▶ [Task brief]:
Transcribe the entries below exactly, starting with the line that has "51.010.00 SOLO 800 B 120 V/ 60 Hz" and stopping after the line that has "Recuperación, traslado e"; no pictures belong in the copy.
----- Study material
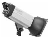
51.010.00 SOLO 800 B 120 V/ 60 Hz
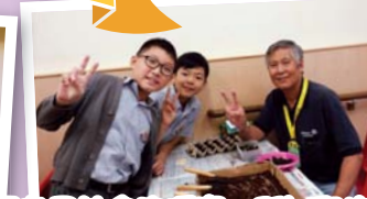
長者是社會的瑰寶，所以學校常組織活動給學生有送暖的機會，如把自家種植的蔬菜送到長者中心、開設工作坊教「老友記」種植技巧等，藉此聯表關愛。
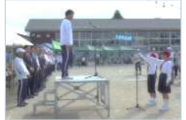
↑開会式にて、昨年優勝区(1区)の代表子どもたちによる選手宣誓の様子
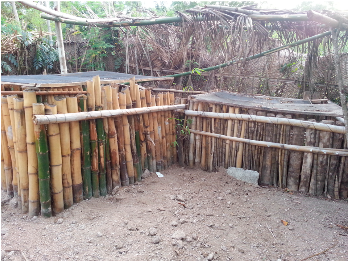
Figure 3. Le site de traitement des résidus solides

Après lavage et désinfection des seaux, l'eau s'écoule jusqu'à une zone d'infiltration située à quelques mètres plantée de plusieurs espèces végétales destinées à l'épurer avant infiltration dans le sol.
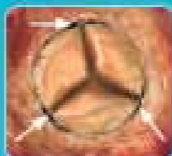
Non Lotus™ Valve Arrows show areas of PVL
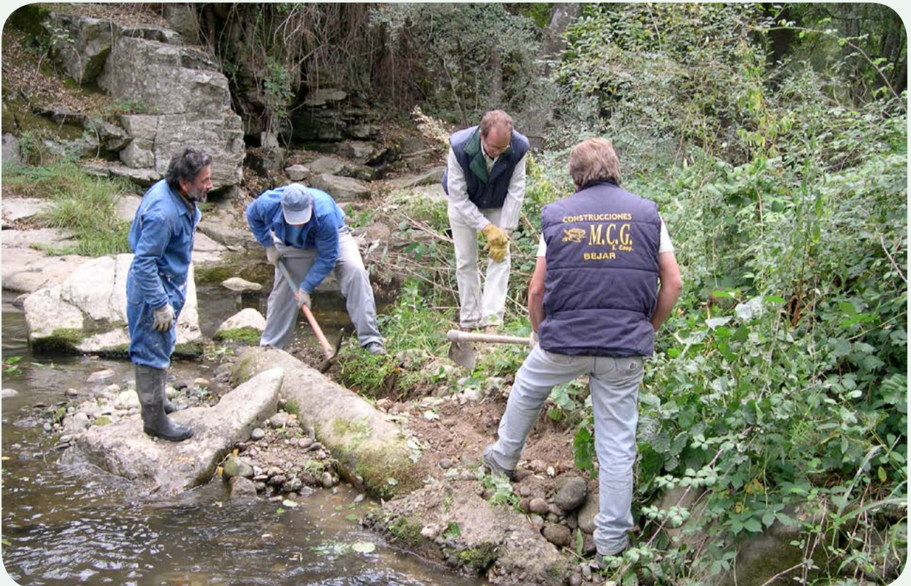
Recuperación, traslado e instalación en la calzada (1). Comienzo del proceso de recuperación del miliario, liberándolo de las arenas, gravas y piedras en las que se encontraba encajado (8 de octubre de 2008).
----------
----- Study material
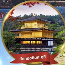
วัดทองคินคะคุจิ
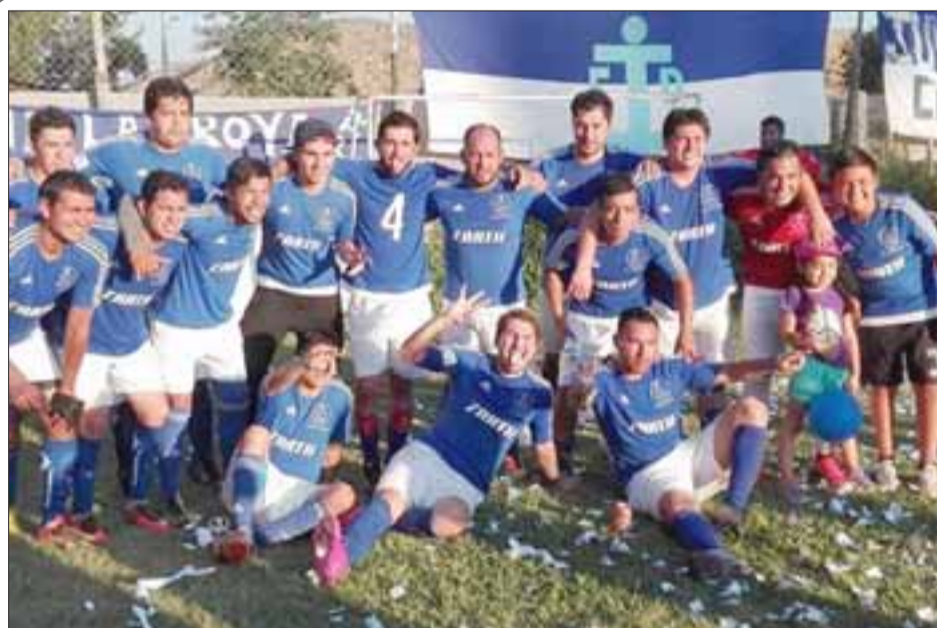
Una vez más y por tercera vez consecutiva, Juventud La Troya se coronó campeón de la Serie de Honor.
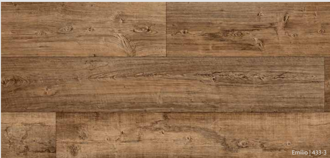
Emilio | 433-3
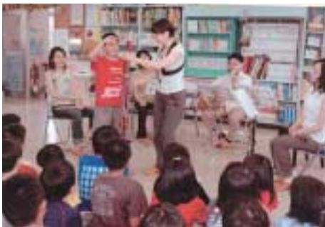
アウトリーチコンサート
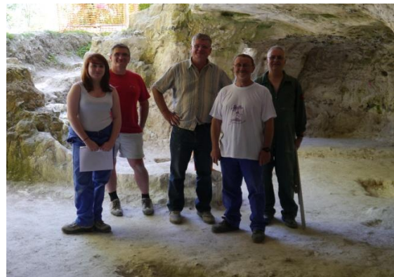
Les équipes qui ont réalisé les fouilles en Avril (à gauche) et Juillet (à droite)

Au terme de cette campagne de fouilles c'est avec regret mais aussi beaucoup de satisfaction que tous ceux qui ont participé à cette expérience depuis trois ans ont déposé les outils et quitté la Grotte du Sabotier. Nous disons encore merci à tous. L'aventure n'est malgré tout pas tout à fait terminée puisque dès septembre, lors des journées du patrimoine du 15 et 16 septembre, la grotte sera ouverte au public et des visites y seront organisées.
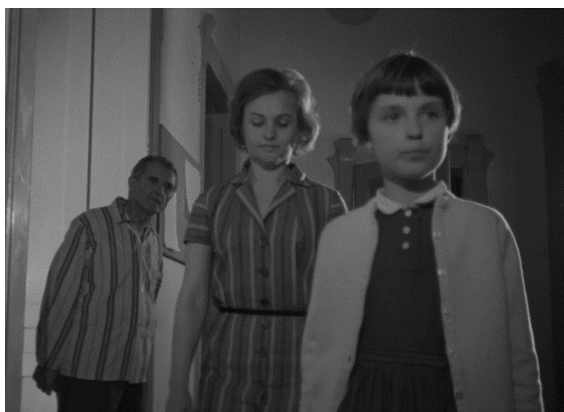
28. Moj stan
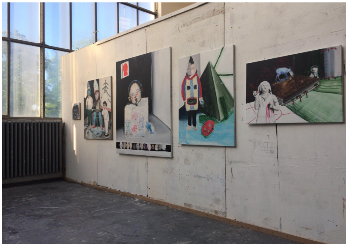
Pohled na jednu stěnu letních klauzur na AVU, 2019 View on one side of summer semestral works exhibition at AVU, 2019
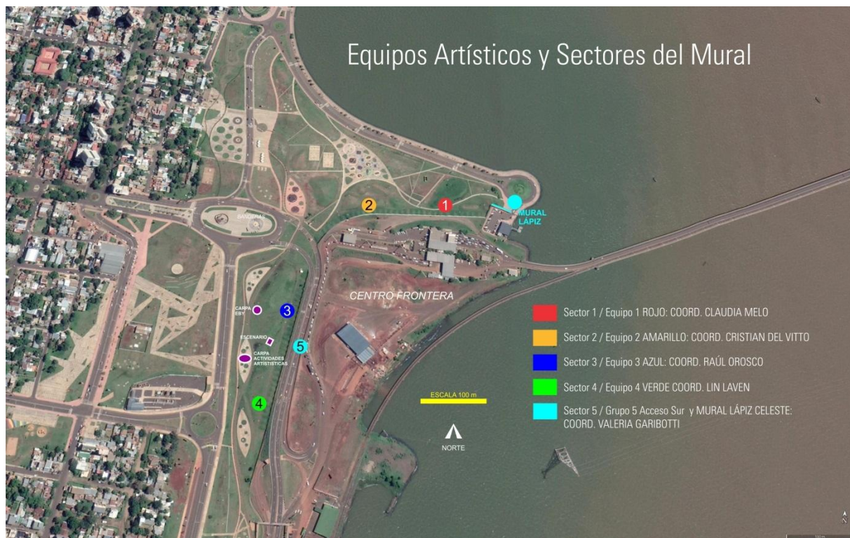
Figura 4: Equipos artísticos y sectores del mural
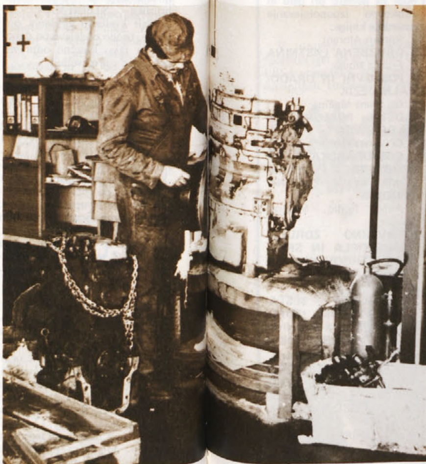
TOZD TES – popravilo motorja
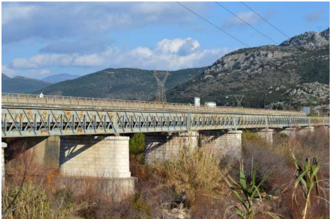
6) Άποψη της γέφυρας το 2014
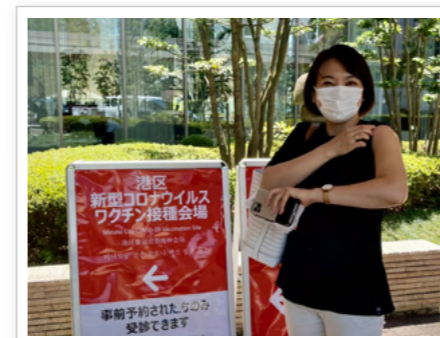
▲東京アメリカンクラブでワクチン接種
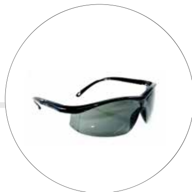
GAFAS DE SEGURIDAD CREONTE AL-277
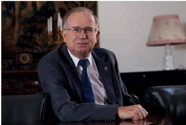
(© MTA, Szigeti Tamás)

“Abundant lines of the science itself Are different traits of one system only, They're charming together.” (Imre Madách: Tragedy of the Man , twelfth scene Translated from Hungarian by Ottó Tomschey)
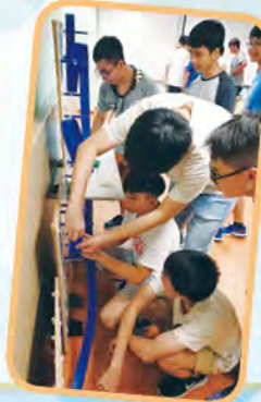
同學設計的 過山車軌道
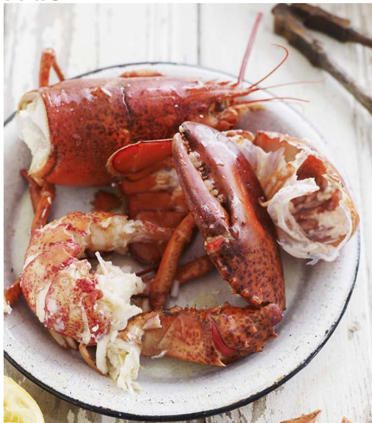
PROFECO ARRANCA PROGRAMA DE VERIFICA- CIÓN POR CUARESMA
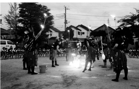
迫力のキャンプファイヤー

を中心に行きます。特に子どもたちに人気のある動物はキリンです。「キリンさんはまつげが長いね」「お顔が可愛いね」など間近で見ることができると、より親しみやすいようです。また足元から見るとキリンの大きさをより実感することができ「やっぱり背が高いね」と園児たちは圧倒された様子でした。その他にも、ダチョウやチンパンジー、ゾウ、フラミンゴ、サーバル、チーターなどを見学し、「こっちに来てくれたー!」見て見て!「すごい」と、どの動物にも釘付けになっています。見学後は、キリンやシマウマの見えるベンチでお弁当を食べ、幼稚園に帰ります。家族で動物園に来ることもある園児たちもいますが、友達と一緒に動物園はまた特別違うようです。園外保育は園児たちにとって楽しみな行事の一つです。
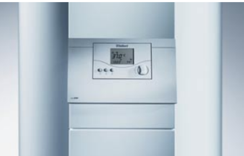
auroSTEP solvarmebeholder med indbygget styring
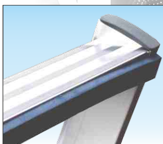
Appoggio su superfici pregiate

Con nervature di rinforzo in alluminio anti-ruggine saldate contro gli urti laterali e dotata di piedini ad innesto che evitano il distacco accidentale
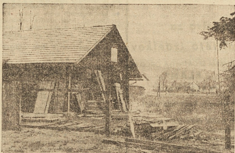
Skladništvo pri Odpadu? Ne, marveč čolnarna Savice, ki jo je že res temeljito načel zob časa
----------
----- Study material
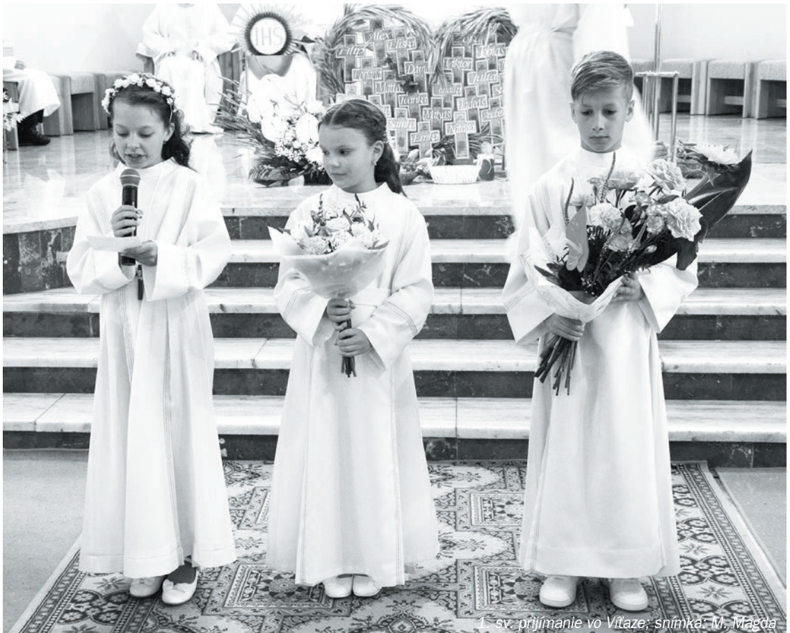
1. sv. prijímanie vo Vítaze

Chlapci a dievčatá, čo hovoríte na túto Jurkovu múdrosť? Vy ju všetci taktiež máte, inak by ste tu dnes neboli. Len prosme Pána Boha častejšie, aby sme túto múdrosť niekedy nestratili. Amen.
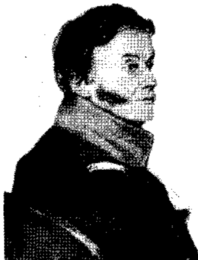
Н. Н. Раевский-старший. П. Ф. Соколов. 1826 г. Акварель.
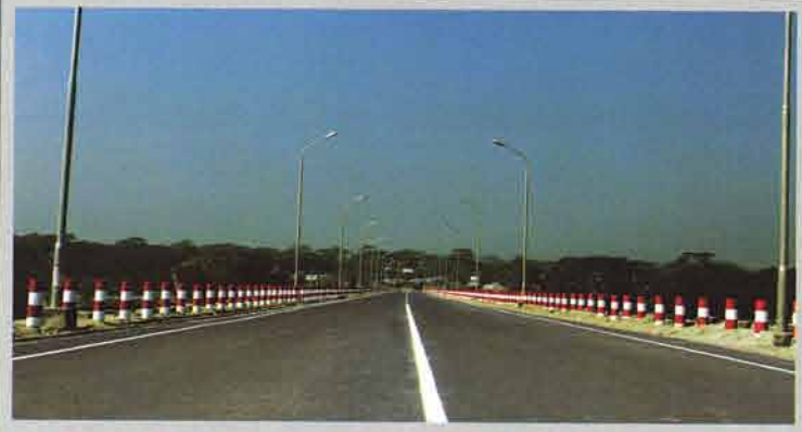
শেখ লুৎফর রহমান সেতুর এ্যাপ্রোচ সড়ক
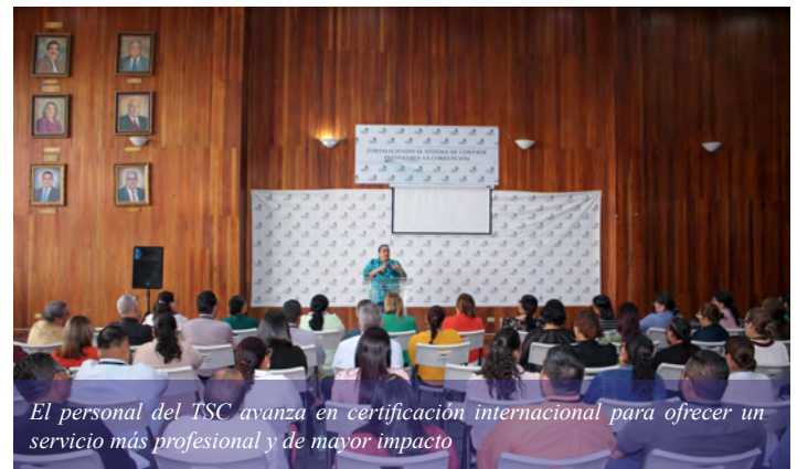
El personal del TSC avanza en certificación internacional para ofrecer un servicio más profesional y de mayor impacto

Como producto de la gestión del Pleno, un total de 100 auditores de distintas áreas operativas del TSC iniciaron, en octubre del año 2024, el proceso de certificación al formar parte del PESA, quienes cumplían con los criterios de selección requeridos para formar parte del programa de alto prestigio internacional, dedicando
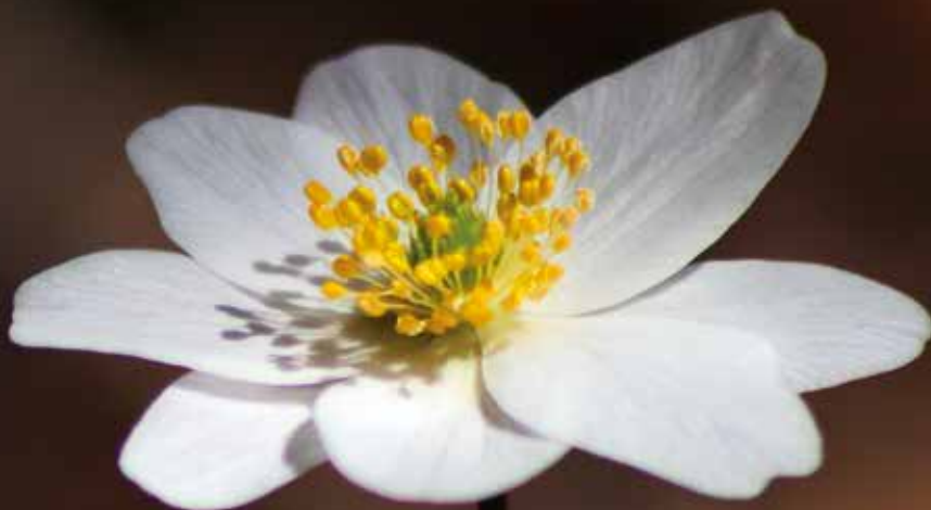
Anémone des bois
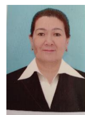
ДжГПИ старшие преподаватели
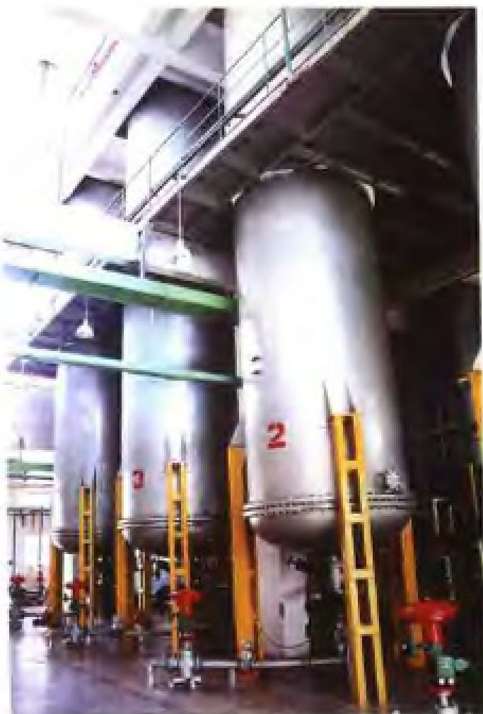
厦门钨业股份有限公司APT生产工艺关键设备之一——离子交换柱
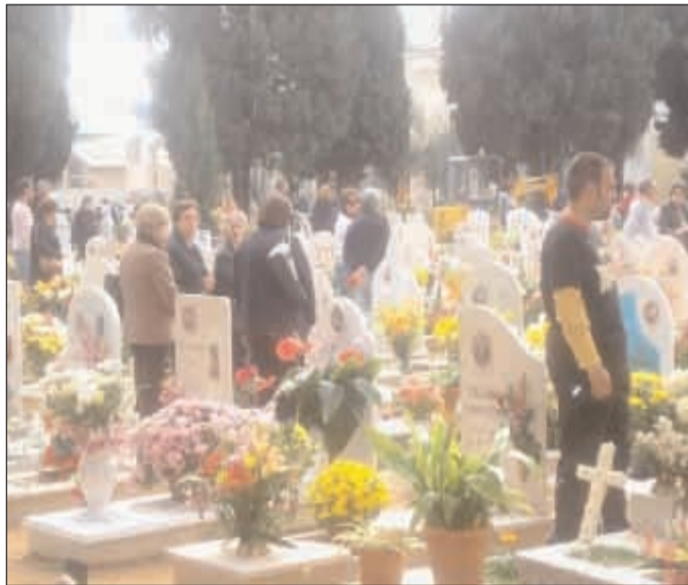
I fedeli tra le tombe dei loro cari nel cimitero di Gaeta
----------
▶ [Exercise solution]:
51.010.00 SOLO 800 B 120 V/ 60 Hz
長者是社會的瑰寶，所以學校常組織活動給學生有送暖的機會，如把自家種植的蔬菜送到長者中心、開設工作坊教「老友記」種植技巧等，藉此聯表關愛。
↑開会式にて、昨年優勝区(1区)の代表子どもたちによる選手宣誓の様子
Figure 3. Le site de traitement des résidus solides

Après lavage et désinfection des seaux, l'eau s'écoule jusqu'à une zone d'infiltration située à quelques mètres plantée de plusieurs espèces végétales destinées à l'épurer avant infiltration dans le sol.
Non Lotus™ Valve Arrows show areas of PVL
Recuperación, traslado e instalación en la calzada (1). Comienzo del proceso de recuperación del miliario, liberándolo de las arenas, gravas y piedras en las que se encontraba encajado (8 de octubre de 2008).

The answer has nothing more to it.